The approach of the competition regulator(s) in the past 12 months
The Vietnam Competition Authority under the Ministry of Industry and Trade (VCA) must be notified of the transaction if participating companies have a combined market share in the relevant market of 30% up to 50%. The VCA will then examine whether the calculation of the combined market share is correct and whether the transaction is prohibited (that is, whether the combined market share exceeds 50%, except in certain cases). The transaction can be conducted when the VCA issues a written confirmation that the transaction is not prohibited under competition law.
For more information on the VCA, see www.vca.gov.vn/Default.aspx?lg=2.

Main factors affecting the public M&A market over the next 12 months
The country’s deeper and wider integration into the world’s economy is offering new opportunities for M&A activities.
Another factor is the Government’s being put under high pressure to privatize State-owned enterprises to meet requirements under signed trade pacts, especially the Trans-Pacific Partnership (TPP).
Encouraging signs for foreign investment include:
• Economic recovery.
• Reformed policies to allow wider access to foreign investors.
• Formation of the ASEAN Economic Community at the end of 2015.
• The conclusion of free trade agreements (FTAs) and the TPP.
• The bouncing back of the stock market.
• New regulations that increase the authorised levels of foreign investment in public listed companies.
The introduction of the new Investment Law, Enterprise Law and other laws and policies are creating an improved legal environment for investment and trade in general, and the M&A market in particular.
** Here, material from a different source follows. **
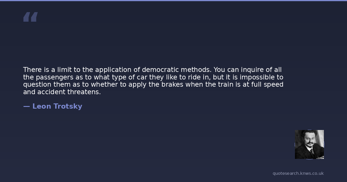 There is a limit to the application of democratic methods. You can inquire of all the passengers as to what type of car they like to ride in, but it is impossible to question them as to whether to apply the brakes when the train is at full speed and accident threatens.

However, the following factors also affect M&A transactions:
• Divergent interpretations and implementations by local licensing authorities of international treaties such as Vietnam’s WTO Commitments.
• Different licensing procedures applied to different types of transactions (for example, for foreign invested companies and domestic companies, public companies and private companies, and for buying state-owned shares or private shares).
Although legal and governance barriers, along with macro instability and the lack of market transparency are still the greatest concerns for investors, M&A deals in Vietnam are still expected to be one of the key, effective channels for market entry.
The major expected trends in the Vietnam M&A market include:
• Bank restructurings.
• Acquisitions and anti-acquisitions, especially in the real estate sector.
• Growing Japanese and Thai investment in Vietnam through M&A transactions.
• Reform of SoEs.
The derivatives market is expected to open in 2016, which will help in preventing risks, boosting the growth of the stock market and in promoting M&A deals.
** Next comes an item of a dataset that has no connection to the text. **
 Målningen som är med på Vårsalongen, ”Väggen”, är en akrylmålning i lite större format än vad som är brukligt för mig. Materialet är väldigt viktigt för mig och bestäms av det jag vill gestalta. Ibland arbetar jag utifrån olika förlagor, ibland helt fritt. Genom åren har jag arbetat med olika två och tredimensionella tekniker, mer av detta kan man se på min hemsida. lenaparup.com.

Please do contact the author Oliver Massmann under omassmann@duanemorris.com if you have any questions on the above. Oliver Massmann is the General Director of Duane Morris Vietnam

Lawyer in Vietnam Oliver Massmann Public Mergers and Acquisitions

There has been a steady growth in M&A activities in Vietnam since Vietnam officially became a member of the World Trade Organization (WTO) in 2007. The first M&A wave in Vietnam occurred during the period between 2008 and 2013, with a reported total value of US$15 billion. Japanese investors made about US$1.2 billion worth of deals in 2012. Japan is the leading country for M&A deals in Vietnam in terms of both quantity and value. This helped the M&A market in Vietnam to reach a peak of US$5.1 billion in 2012. Real estate is considered to be the most attractive sector, with a total value of M&A transactions up to US$1.637 billion with 20 deals, accounting for 69% of the total M&A value by foreign investors in Vietnam. The retail, consumer goods, and industrial goods and services sectors are also very active, with high value M&A deals.
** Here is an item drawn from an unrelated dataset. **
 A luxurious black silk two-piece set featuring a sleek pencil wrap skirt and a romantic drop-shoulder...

According to a research conducted by StoxPlus, Vietnam’s M&A market experienced a strong recovery in 2014, with six deals being reportedly made every week. There was a total of 341 M&A deals in 2015, with a value of US$5.2 billion, a 23.1% increase in terms of number of deals and 9.7% increase in terms of deal value compared with the previous year.

How to obtain control of a public company
The most common means of obtaining control over a public company are as follows:
o The acquisition of shares/charter capital through:
o buying shares/charter capital from the existing shareholders of the company;
o buying shares/charter capital of a listed company on the stock exchange; and
o public share purchase offer.
o Through a merger. The 2014 Law on Enterprises sets out the procedures for company mergers by way of a transfer of all lawful assets, rights, obligations and interests to the merged company, and for the simultaneous termination of the merging companies.
o Through the acquisition of assets.
There are restrictions on the purchase of shares/charter capital of local companies by foreign investors. In addition, the law does not yet allow merger or assets acquisition transactions where a foreign investor is a party.
Securities of public companies must be registered and deposited at the Vietnam Securities Depository Centre before being traded.
Depending on the numbers of shares purchased, an investor can become a controlling shareholder. Under the Vietnam Law on Securities, a shareholder that directly or indirectly owns 5% or more of the voting shares of an issuing organization is a major shareholder. Any transactions that result in more than 10% ownership of the paid-up charter capital of the securities company must seek approval of the State Securities Commission (SSC).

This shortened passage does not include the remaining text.